#### Exercise details:
Retype word for word the stretch of entries below from the line that has "معنى الروح الذي" through the line that has "Intra-assay Precision (Precision", and omit the pictures.

(Records contained in a dataset)
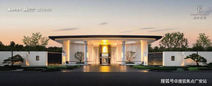 它汲取上海前滩华尔道夫酒店为灵感,以月光米黄石材为主基调,弧形景墙、安第斯雪景奢石柱子、极品铁冬青等结合使用,整体层次细腻,恢弘大气,也是业主身份的象征。
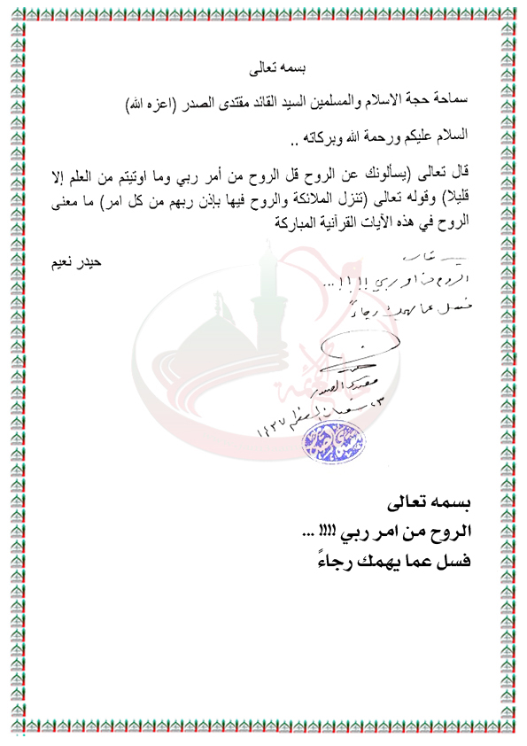 معنى الروح الذي ورد في بعض آيات القران الكريم استفتاء السيد القائد مقتدى الصدر اعزه الله 1 / 6 / 2016
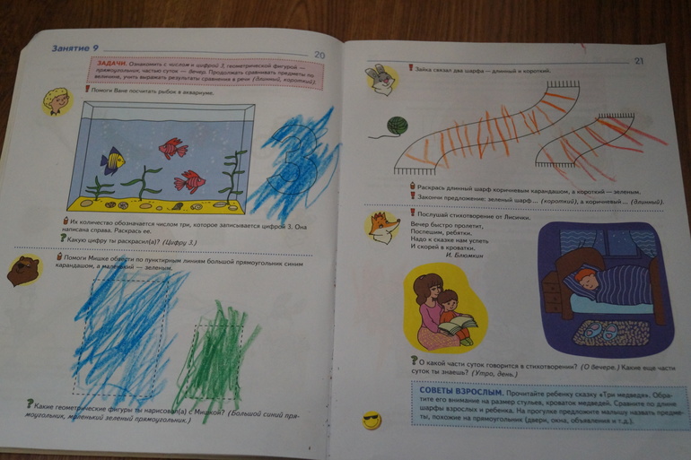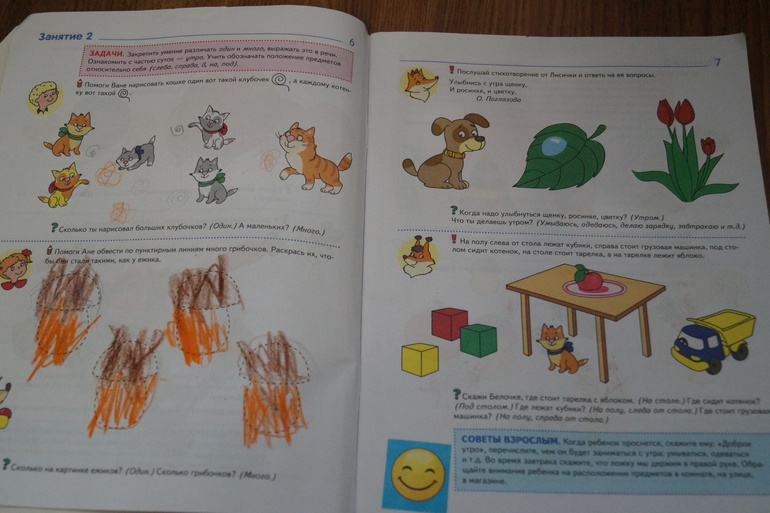 Это довольно таки объемное пособие, с достаточно плотными листами, с яркими красочными картинками, задания разнообразныепомима счета и изучения цифт, много заданий на графоматорику - обвести, раскрасить, провести линии, задания по развитию речи, памяти и внимания. Также сдесь дается много рекомендаций для родителей, какие вопросы задать, на что обратить внимание ребенка и др.Вообщем очень хорошое пособие, позже, я его еще раз буду покупать, так как это мы уже почти прошли.Другие пособия по математике.
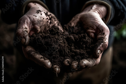 A close-up shot of a farmer's hand holding a handful of healthy, nutrient-rich soil, AI generated
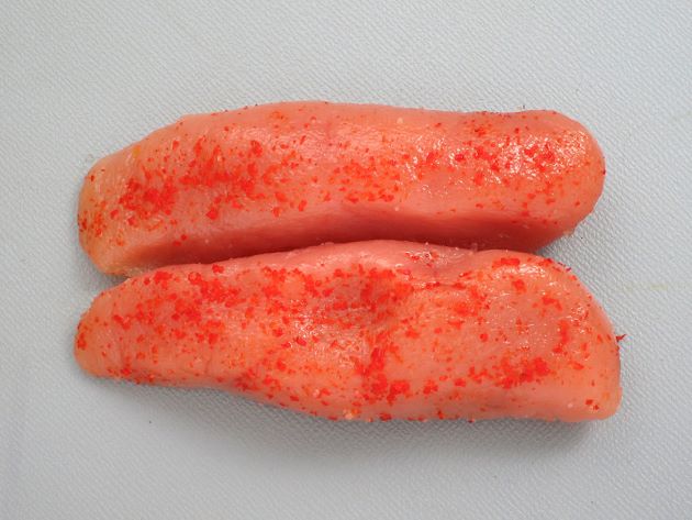 卵巣明太子 朝鮮半島周辺ではスケトウダラを「ミョンテ(明太、明太魚)」、「とんて」といい、これを「めんたい」と聞いた。その子であるので明太子。朝鮮半島でも塩漬けなどの加工品があり、ここに大量の唐辛子を振り込みまぶしたものだった。これは戦前にかなり輸入されてきており、味のいいものであった。大阪市鶴橋の韓国食材店などで売られているものは「ミョンテ(明太、明太魚)」の形を残しているのかも知れない。関連コラム(加工品)
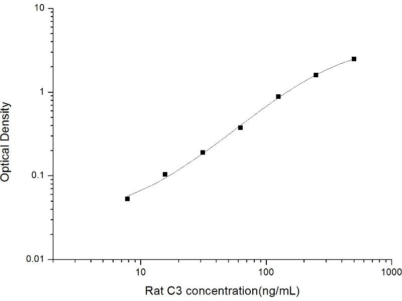 Intra-assay Precision (Precision within an assay): 3 samples with low, mid range and high level Rat C3 were tested 20 times on one plate, respectively. Inter-assay Precision (Precision between assays): 3 samples with low, mid range and high level Rat C3 were tested on 3 different plates, 20 replicates in each plate. Both intra-CV and inter-CV are < 10 %.
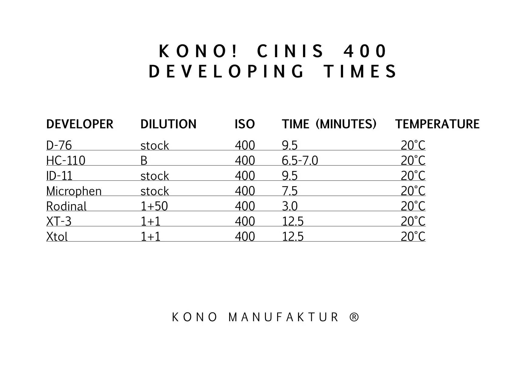 Any black&white lab can develop KONO! black & white films
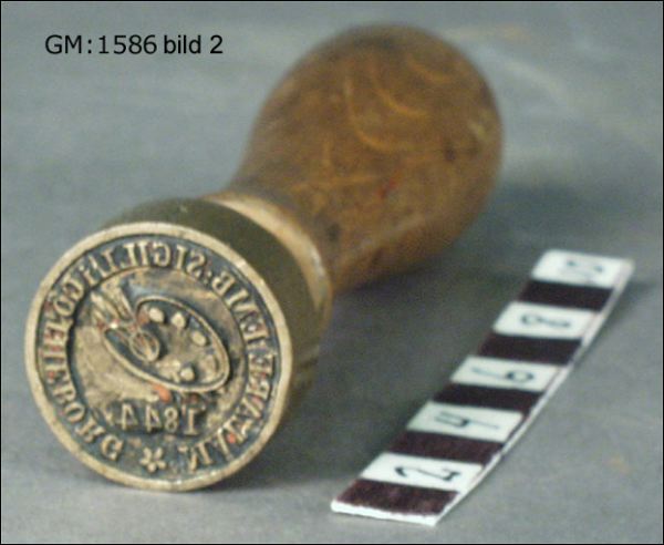 "Sigillstamp, 1844. Målare-ämbetet i Göteborg. Av mässing och trä. Svarat skaft. Cirkelrund sigillplatta. I dess mitt en palett med färger och penslar samt därunder årtalet 1844. Rundskrift och utanför denna bred, flat rand: MÅLARE EMB:SIGILL I GÖTHEBORG.
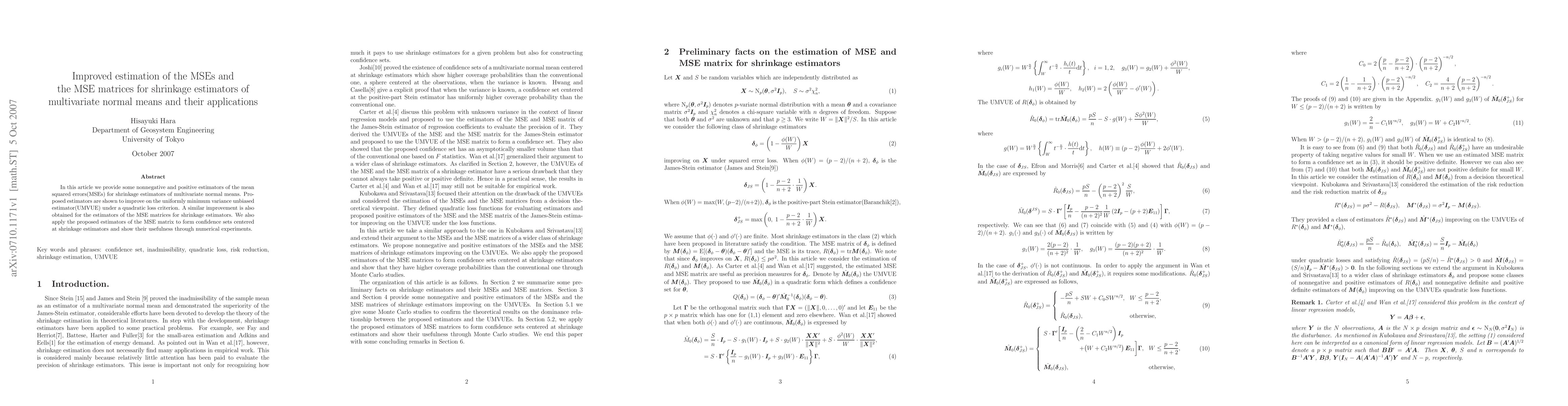 In this article we provide some nonnegative and positive estimators of the mean squared errors(MSEs) for shrinkage estimators of multivariate normal means. Proposed estimators are shown to improve on the uniformly minimum variance unbiased estimator(UMVUE) under a quadratic loss criterion. A similar improvement is also obtained for the estimators of the MSE matrices for shrinkage estimators. We also apply the proposed estimators of the MSE matrix to form confidence sets centered at shrinkage estimators and show their usefulness through numerical experiments.
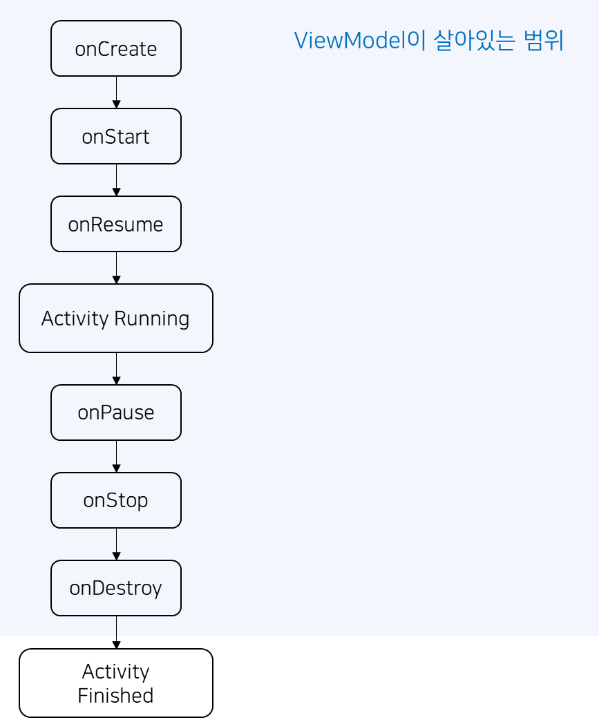 2번 방법은 효율적이다. 아래 그림의 ViewModel이 살아있는 범위에서 볼 수 있듯이 ViewModel은 onDestroy가 호출되더라도 살아있고 ViewModel에서 해당 데이터를 저장하고 있으면 되기 때문이다.

#### Task solution:
 معنى الروح الذي ورد في بعض آيات القران الكريم استفتاء السيد القائد مقتدى الصدر اعزه الله 1 / 6 / 2016
 Это довольно таки объемное пособие, с достаточно плотными листами, с яркими красочными картинками, задания разнообразныепомима счета и изучения цифт, много заданий на графоматорику - обвести, раскрасить, провести линии, задания по развитию речи, памяти и внимания. Также сдесь дается много рекомендаций для родителей, какие вопросы задать, на что обратить внимание ребенка и др.Вообщем очень хорошое пособие, позже, я его еще раз буду покупать, так как это мы уже почти прошли.Другие пособия по математике.
 A close-up shot of a farmer's hand holding a handful of healthy, nutrient-rich soil, AI generated
 卵巣明太子 朝鮮半島周辺ではスケトウダラを「ミョンテ(明太、明太魚)」、「とんて」といい、これを「めんたい」と聞いた。その子であるので明太子。朝鮮半島でも塩漬けなどの加工品があり、ここに大量の唐辛子を振り込みまぶしたものだった。これは戦前にかなり輸入されてきており、味のいいものであった。大阪市鶴橋の韓国食材店などで売られているものは「ミョンテ(明太、明太魚)」の形を残しているのかも知れない。関連コラム(加工品)
 Intra-assay Precision (Precision within an assay): 3 samples with low, mid range and high level Rat C3 were tested 20 times on one plate, respectively. Inter-assay Precision (Precision between assays): 3 samples with low, mid range and high level Rat C3 were tested on 3 different plates, 20 replicates in each plate. Both intra-CV and inter-CV are < 10 %.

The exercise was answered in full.